Writing Analytically, 6th Edition - Rosenwasser, David & Stephen, Jill [168]
WEAK THESIS TYPE 2: THE THESIS IS OBVIOUSLY TRUE OR IS A STATEMENT OF FACT
Problem Examples
The jean industry targets its advertisements to appeal to young adults.
The flight from teaching to research and publishing in higher education is a controversial issue in the academic world. I will show different views and aspects concerning this problem.
A thesis needs to be an assertion with which it would be possible for readers to disagree.
In the second example, few readers would disagree with the fact that the issue is “controversial.” In the second sentence of that example, the writer has begun to identify a point of view—that the flight from teaching is a problem—but her declaration that she will “show different views and aspects” is a broad statement of fact, not an idea. The phrasing of the claim is noncommittal and so broad that it prevents the writer from formulating a workable thesis.

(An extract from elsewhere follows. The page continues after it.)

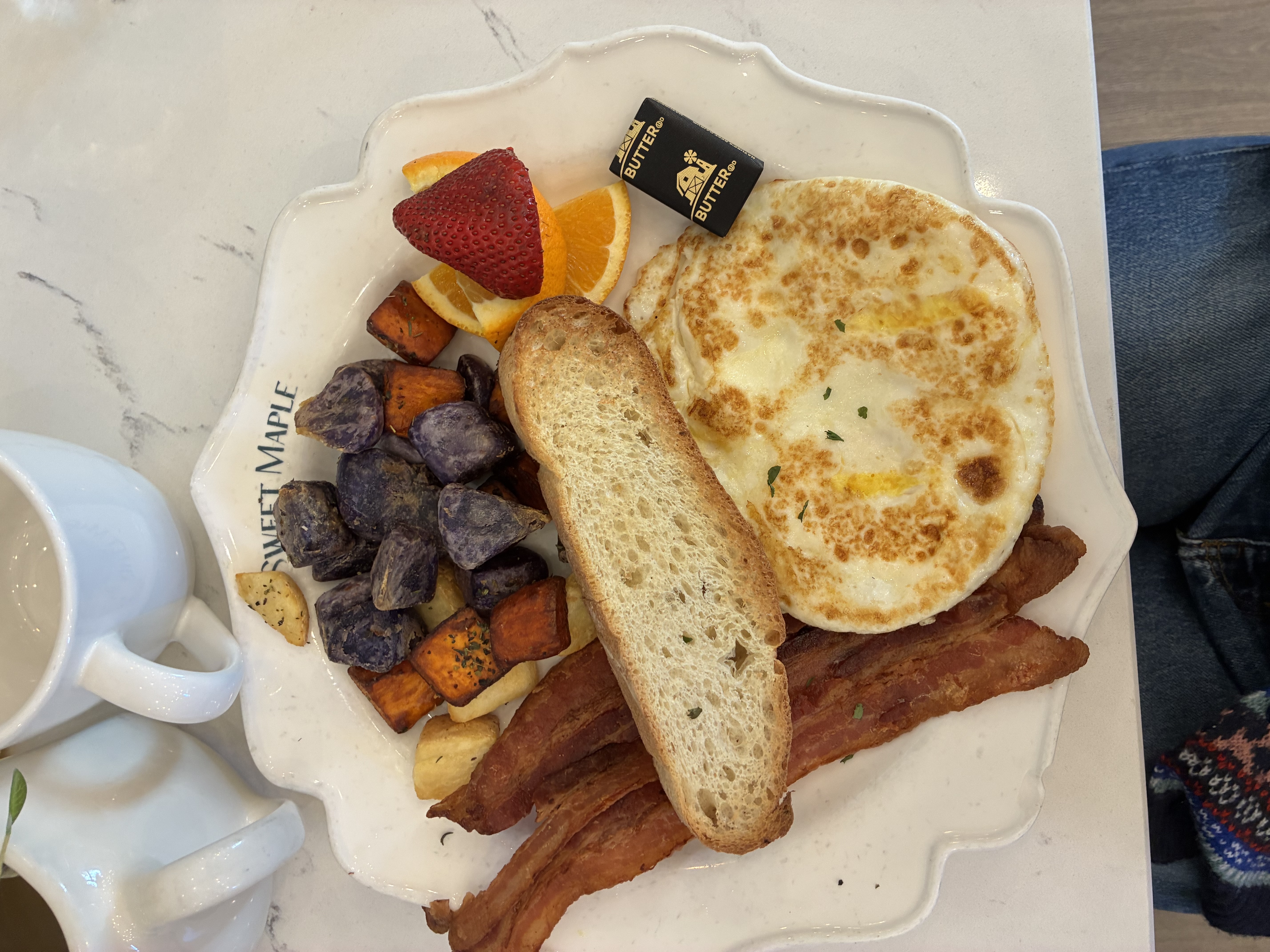 Comme on arrive très tôt en Caltrain, le train local qui relie les communes du sud à SF, on prend un brunch au « Mapple Sweet » en attendant que les magasins ouvrent.

Solution: Find some avenue of inquiry—a question about the facts or an issue raised by them. Make an assertion with which it would be possible for readers to disagree.
Solution Examples
By inventing new terms, such as “loose fit” and “relaxed fit,” the jean industry has attempted to normalize, even glorify, its product for an older and fatter generation.

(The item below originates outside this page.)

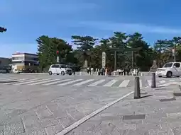 ・It has a deep history, and the origins of its founding are recorded in the Kojiki, Nihon Shoki, and Fudoki. You can almost feel that long history in the large pine trees lining the approach to the shrine.

The “flight from teaching” to research and publishing in higher education is a controversial issue in the academic world. As I will attempt to show, the controversy is based to a significant degree on a false assumption, that doing research necessarily leads teachers away from the classroom.

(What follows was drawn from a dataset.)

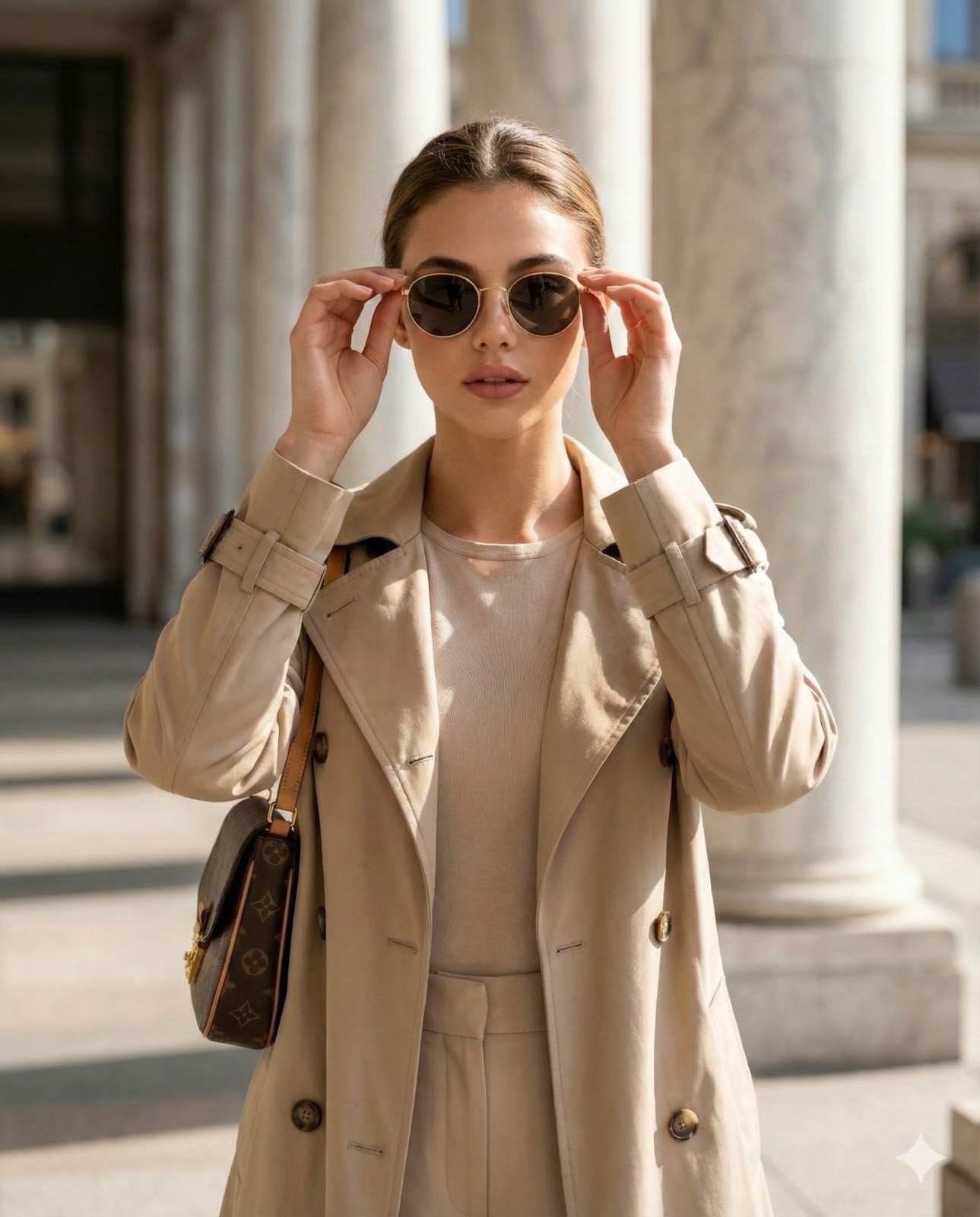 Create an outdoor fashion portrait using the uploaded reference image with absolute identity lock. The woman’s face must be an exact, unchanged match to the reference image. Preserve 100% fidelity to her facial features, facial structure, bone structure, proportions, natural skin tone, skin texture, pores, makeup style, expression, eye shape, nose, lips, jawline, and overall physiognomy. No beautification, no stylization, no age shift, no facial reshaping, no proportion changes, no symmetry correction. Identity must remain perfectly unchanged. Depict the same woman captured in a medium close-up, eye-level shot, standing confidently in an urban architectural setting. She is calmly adjusting round, stylish sunglasses with both hands near the temples. Her expression is composed, confident, and self-assured, fully consistent with the reference image. Her hair is tied back neatly, with a smooth, clean texture, matching the reference hairstyle exactly in color, density, and finish. Wardrobe & Accessories A beige coat layered over a light beige top High-waisted trousers, tailored and elegant A luxury designer handbag with a patterned surface and gold hardware, worn naturally on the shoulder All clothing and accessories must be realistically scaled and worn without altering body proportions. Environment Tall marble or stone columns with clean architectural lines Urban luxury setting Background softly softened (natural depth of field) to maintain focus on the subject Lighting & Mood Strong natural sunlight Crisp highlights and defined shadows Sharp detail on skin and fabric Bright, modern city atmosphere Visual Style High-end luxury street-fashion aesthetic Ultra-realistic textures Clean, balanced color tones High visual clarity and editorial polish Strictly avoid: any facial or hair alteration, identity drift, artificial skin smoothing, exaggerated beauty effects, distorted anatomy, unrealistic lighting, over-saturation, stylized or painterly looks, blur on the face, low resolution, noise, artifacts, watermarks, logos, or text.

WEAK THESIS TYPE 3: THE THESIS RESTATES CONVENTIONAL WISDOM
Problem Examples
An important part of one’s college education is learning to better understand others’ points of view.
“I was supposed to bring the coolers; you were supposed to bring the chips!” exclaimed ex-Beatle Ringo Starr, who appeared on TV commercials for Sun County Wine Coolers a few years ago. By using rock music to sell a wide range of products, the advertising agencies, in league with corporate giants such as Pepsi, Michelob, and Ford, have corrupted the spirit of rock and roll.
“Conventional wisdom” is a polite term for cultural cliché. Most clichés were fresh ideas once, but over time they have become trite, prefabricated forms of nonthinking. Faced with a phenomenon that requires a response, inexperienced writers sometimes resort to a small set of culturally approved “answers.” Because conventional wisdom is so general and so commonly accepted, however, it doesn’t teach anybody— including the writer—anything. Worse, because the cliché looks like an idea, it prevents the writer from engaging in a fresh exploration of his or her subject.
There is some truth in both of the preceding problem examples, but neither complicates its position. A thoughtful reader could, for example, respond to the advertising example by suggesting that rock and roll was highly commercial long before it colonized the airwaves. The conventional wisdom that rock and roll is somehow pure and honest while advertising is phony and exploitative invites the savvy writer to formulate a thesis that overturns these clichés. It could be argued that rock has actually improved advertising, not that ads have ruined rock—or, alternatively, that rock has shrewdly marketed idealism to gullible consumers. At the least, a writer committed to the original thesis would do better to examine what Ringo was selling—what he/wine coolers stand for in this particular case—than to discuss rock and advertising in such predictable terms.
Solution: Seek to complicate—see more than one point of view on—your subject. Avoid conventional wisdom unless you can qualify it or introduce a fresh perspective on it.